Performance by segment

  • White mushrooms represent 51.7% of total fresh mushroom sales and 58.6% of pounds in the four January weeks. However, it was brown mushrooms, the combination of creminis and portabellas, that fared better. Brown mushrooms increased 15.4% in dollar sales versus the pre-pandemic January 2020 weeks and 9.3% in volume. As such, brown mushrooms were solely responsible for driving volume gains versus January 2020.

Additional observations:

  • Fixed versus random weight performance: The vast majority of fresh mushroom dollars (95.5%) and pounds (96.1%) were fixed weight in the four January weeks. Just like in fresh produce overall, fixed weight (-4.9% in dollars) performed better than random weight (-18.5%). 
  • Organic versus conventional: Organic dollar sales made up 13.5% of total fresh mushroom sales in the four January 2022 weeks.
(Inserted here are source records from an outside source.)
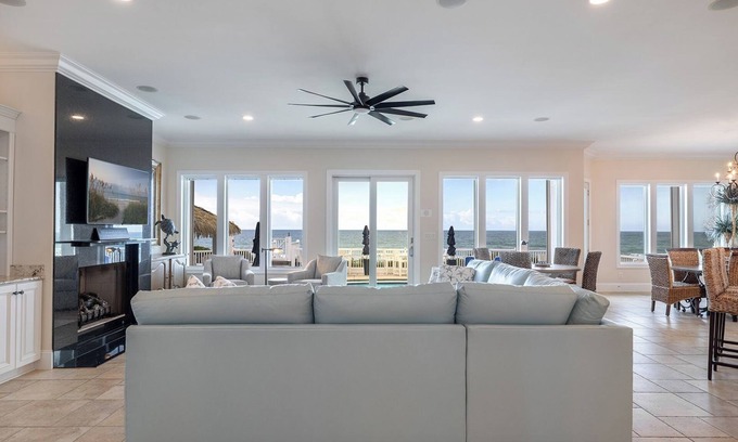 This 8 Bedroom,10 Bath Oceanfront Home sits just feet away from the Beautiful Atlantic Ocean! You can sink your toes in the sand and relax on the beach all day long and then walk only steps to your home! With every designer’s wish list in mind, no expense was spared when building and furnishing this blue pearl home. From the colors, to the top-of-the-line amenities, you’re sure to find everything you’re looking for and more at Caper's Castle!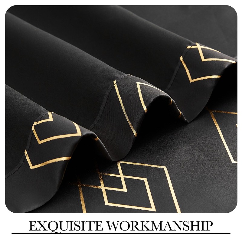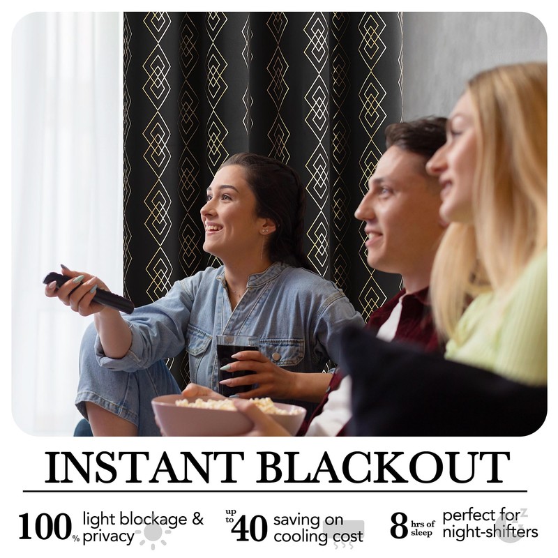 - Full blackout curtains: Looking for blackout curtains for better sleep? Try our Gold Foil Moroccan Metallic Print curtains. Made with triple weave, they block out all light and noise, ensuring a restful sleep or relaxing environment. They're stylish, durable, and add elegance to any room. Plus, they're energy-saving, balance temperature, and offer thermal insulation.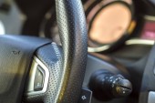 Wnętrza samochodów luksusowych. Deska rozdzielcza i kierownica w czarny kolor szary. Transport, design, koncepcja nowoczesnych technologii.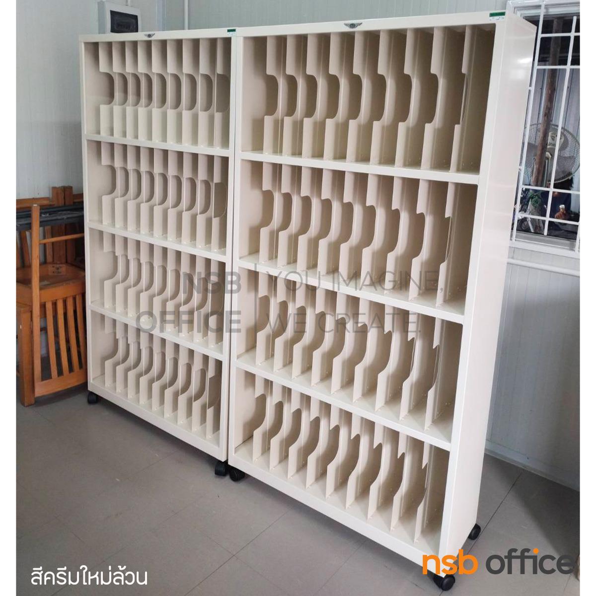 : ชั้นวางแฟ้มเหล็กตั้งล้อเลื่อน 4 ชั้น 40 ช่อง รุ่น Carter (คาร์เตอร์) ขนาด 91.7W*176H cm.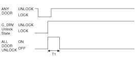 1. In Lock states of ANY DOOR (C_DRV UnlockState || C_AST UnlockState || C_RLUnlockState || C_RRUnlockState), if C_DRV UnlockState is LOCK -> UNLOCK, ALL DOOR UNLOCK is output one time for T1.
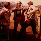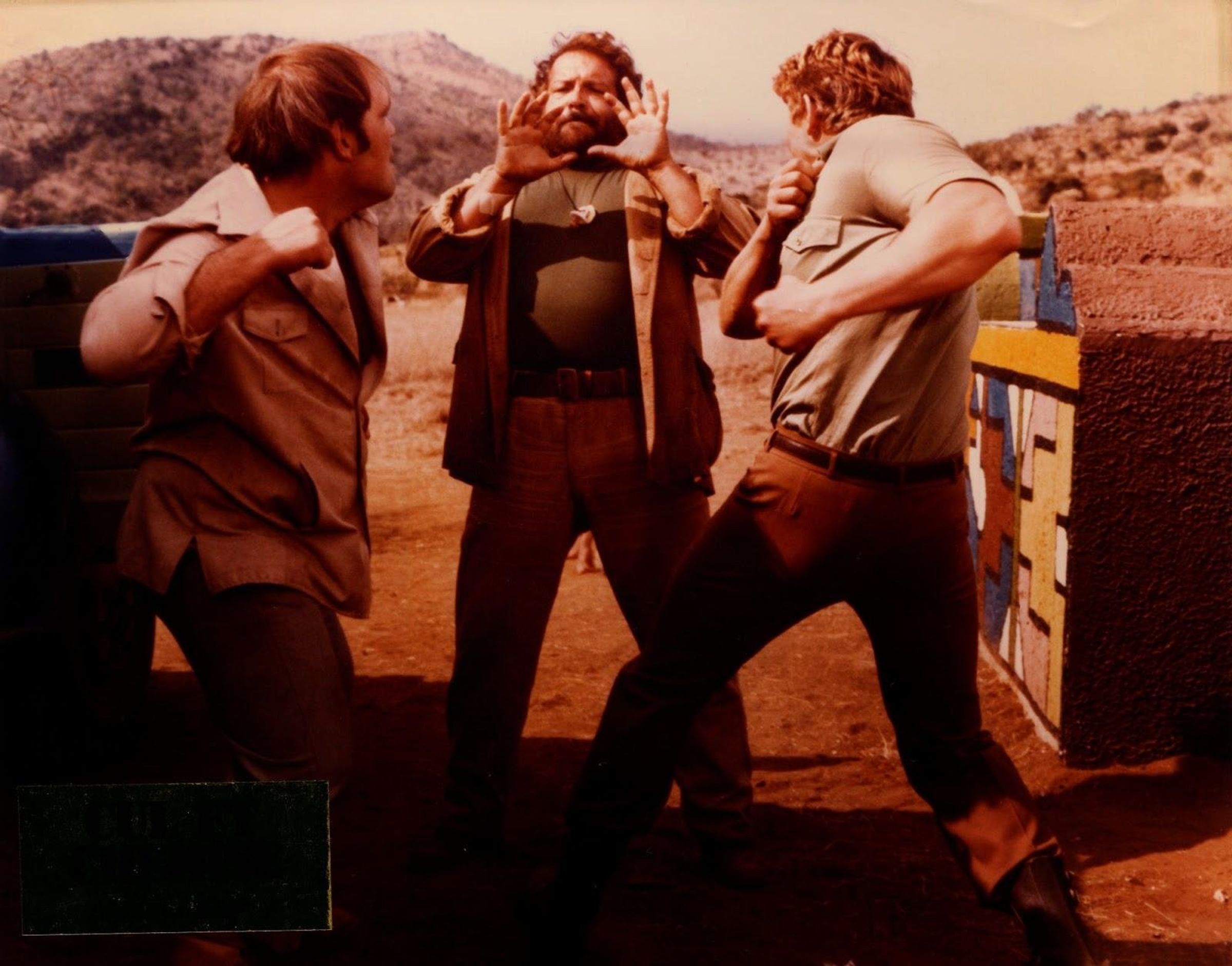 Tom trägt den Spitznamen "Nilpferd", warum wohl? Slim wird von seinen Freunden "Krokodil" gerufen, weil der Bequeme selbst bei geschlossenen Augen immer hellwach und blitzschnell ist. Nilpferd Tom fährt Touristen und Großwildjäger in seinem alten Bus durch die Gegend. Krokodil Slim hat etwas dagegen, daß die Tiere von reichen Nichtsnutzen ausgerottet werden. Ergebnis: die Pirschgänger finden meist Platzpatronen in ihren Gewehrläufen, und Tom muß öfter ein Rad wechseln, das Slim zerschossen hat. Dann tauchen der reiche Spekulant Ormond und seine Schlägertruppe auf. Ormond plant ein riesiges Touristenzentrum. Der ehemalige Box-Champion bedroht die Eingeborenen und wendet brutalste Methoden an, um seine Ziele zu erreichen. Aber er hat seine Rechnung ohne Tom und Slim gemacht. Die beiden sind sich einig: auf einen groben Klotz gehört ein grober Keil. Und damit haben sie Erfolg. Ormond und seine Kumpane suchen schließlich das Weite.

Organic mushrooms had a slightly better performance than conventional mushrooms, at +2.4% year-on-year versus -6.7% for conventional. 
  • Cut/prepared versus whole mushrooms: Cut or prepared mushrooms made up 53.3% of dollar sales in the four January 2022 weeks. Mushrooms without preparation had the better performance.  Cut/prepared mushrooms were down 7.5% in dollars and 11.3% in volume. Whole mushrooms were down 3.2% in dollars and 9.3% in volume.